Problem commenced when they made it a paid one. They did so because online venture was proving to be a drain on the company’s finance.

Amidst growing technology when there are free sites why will a person prefer a paid one, was a huge question to be answered by the company.

Its clearly aint a smart move for such a renowned company, bearing loses is also not a viable option but then many other known websites could have been approached for tie ups.

Youhan Darrab Aria (Aria),Chief Officer (Logistics and Finance) of online portal himself admitted that being a paid site made htem suffer massive drops in their registered user base,this justifies that turning online portal a paid one wasn’t a sound business decision.

Q.4:Discuss if Archies will be able to maintain its marketshare and leadership in the future with the entry of players such as ITC? Will the company’s current strategies help sustain its competitive position?
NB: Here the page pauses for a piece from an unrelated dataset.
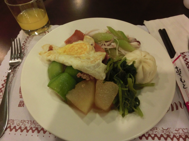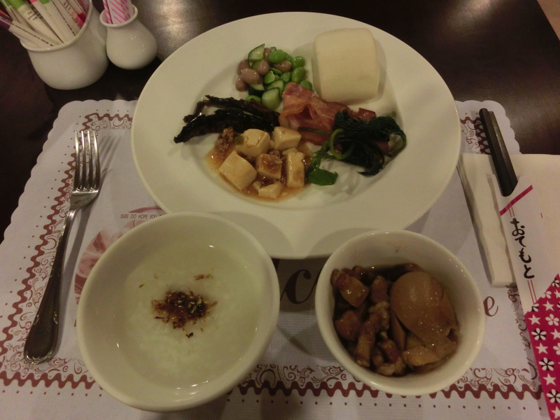 2日目の朝、昨日に続いてホテルのバイキング。昨日よりは1時間ほど遅いタイミングで行ったところ、お客さんも少ないしおかずもあまりないしで、これはちょっと寂しいなあ。一応、台湾風のおかずはいくつかあったのでそれをいただき、あまり時間もないのでこれで終了。昨日しっかり食べたしまあいいか。でもまだ8時過ぎだよ、もうちょっとおかずがあってもいいのにね。
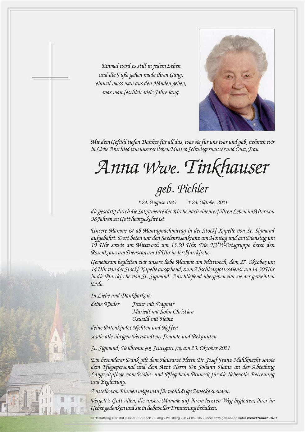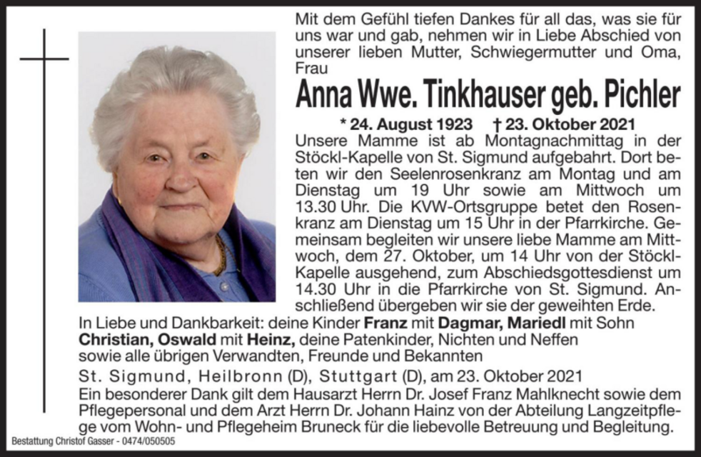 Gemeinsam begleiten wir unsere liebe Mamme am Mittwoch, dem 27. Oktober, um 14 Uhr von der Stöckl-Kapelle ausgehend, zum Abschiedsgottesdienst um 14.30 Uhr in die Pfarrkirche von St. Sigmund. Anschließend übergeben wir sie der geweihten Erde.

Archies revamped its ditribution and retail exercised to combat the glitches which occurred earlier.

Their idea to make Archies gallery a ‘one stop gift shop’ was again a smart move.

They started outsourcing because they realised that time has come to be agile.

Flexible pricing strategies for different product and different areas were been kept targetting all income groups.

The successful brand image been build over the years will continue to sustain the strong competitve forces.

Their agility to respond to competition will make them surpass all problems.

Hence,the company’s current strategies will definitely help to sustain its position in the market.